# EXERCISE INSTRUCTIONS
Pictures aside, repeat the whole listing word for word.

# COLLECTED MATERIAL

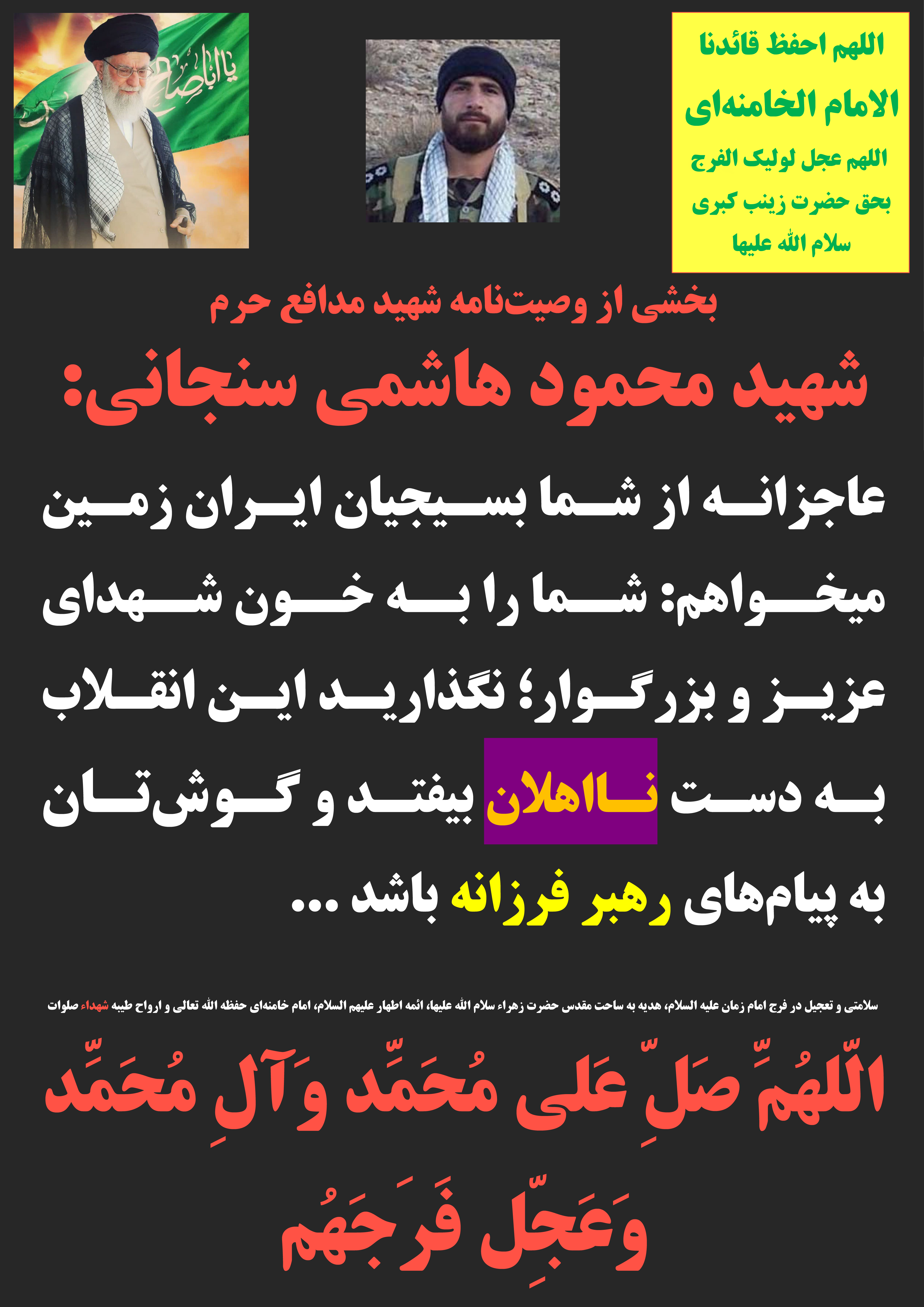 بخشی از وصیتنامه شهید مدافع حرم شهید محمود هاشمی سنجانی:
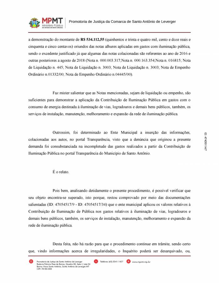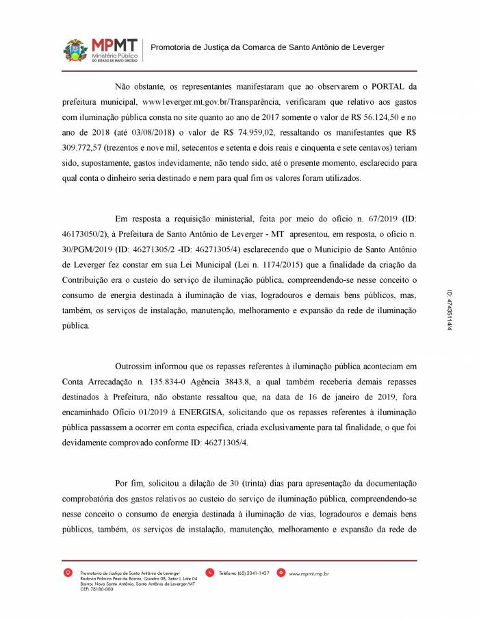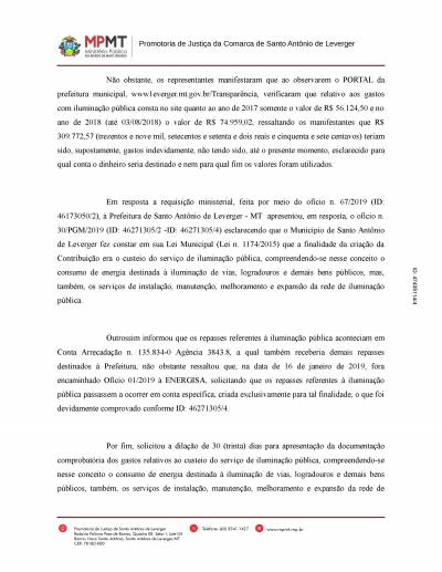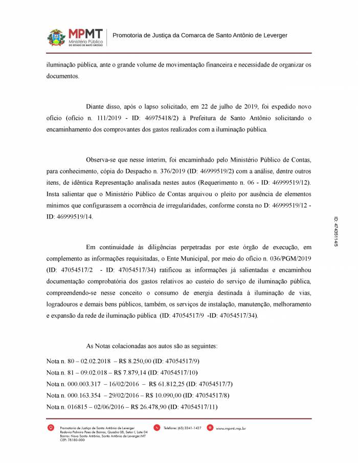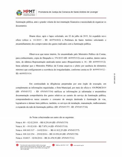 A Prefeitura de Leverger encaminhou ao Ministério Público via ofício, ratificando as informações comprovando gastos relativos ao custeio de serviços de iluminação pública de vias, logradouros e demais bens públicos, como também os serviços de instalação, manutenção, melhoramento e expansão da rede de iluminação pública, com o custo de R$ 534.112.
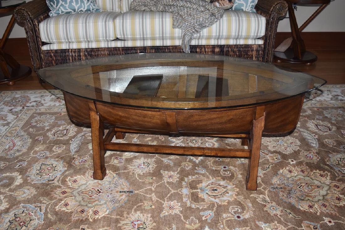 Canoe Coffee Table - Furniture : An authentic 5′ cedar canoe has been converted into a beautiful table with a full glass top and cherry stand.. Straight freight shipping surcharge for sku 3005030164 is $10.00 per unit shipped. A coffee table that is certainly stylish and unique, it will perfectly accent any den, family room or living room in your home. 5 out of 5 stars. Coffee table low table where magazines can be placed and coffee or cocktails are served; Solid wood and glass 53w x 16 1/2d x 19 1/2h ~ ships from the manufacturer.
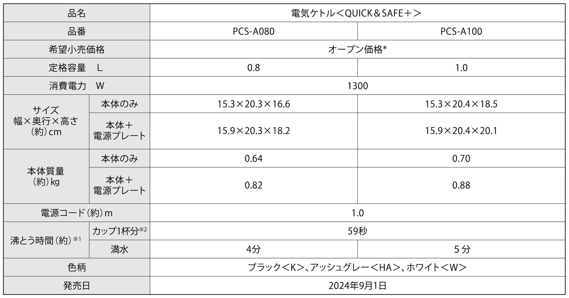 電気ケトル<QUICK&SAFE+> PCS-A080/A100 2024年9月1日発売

# ANSWER TO THE EXERCISE
 بخشی از وصیتنامه شهید مدافع حرم شهید محمود هاشمی سنجانی:
 A Prefeitura de Leverger encaminhou ao Ministério Público via ofício, ratificando as informações comprovando gastos relativos ao custeio de serviços de iluminação pública de vias, logradouros e demais bens públicos, como também os serviços de instalação, manutenção, melhoramento e expansão da rede de iluminação pública, com o custo de R$ 534.112.
 Canoe Coffee Table - Furniture : An authentic 5′ cedar canoe has been converted into a beautiful table with a full glass top and cherry stand.. Straight freight shipping surcharge for sku 3005030164 is $10.00 per unit shipped. A coffee table that is certainly stylish and unique, it will perfectly accent any den, family room or living room in your home. 5 out of 5 stars. Coffee table low table where magazines can be placed and coffee or cocktails are served; Solid wood and glass 53w x 16 1/2d x 19 1/2h ~ ships from the manufacturer.
 電気ケトル<QUICK&SAFE+> PCS-A080/A100 2024年9月1日発売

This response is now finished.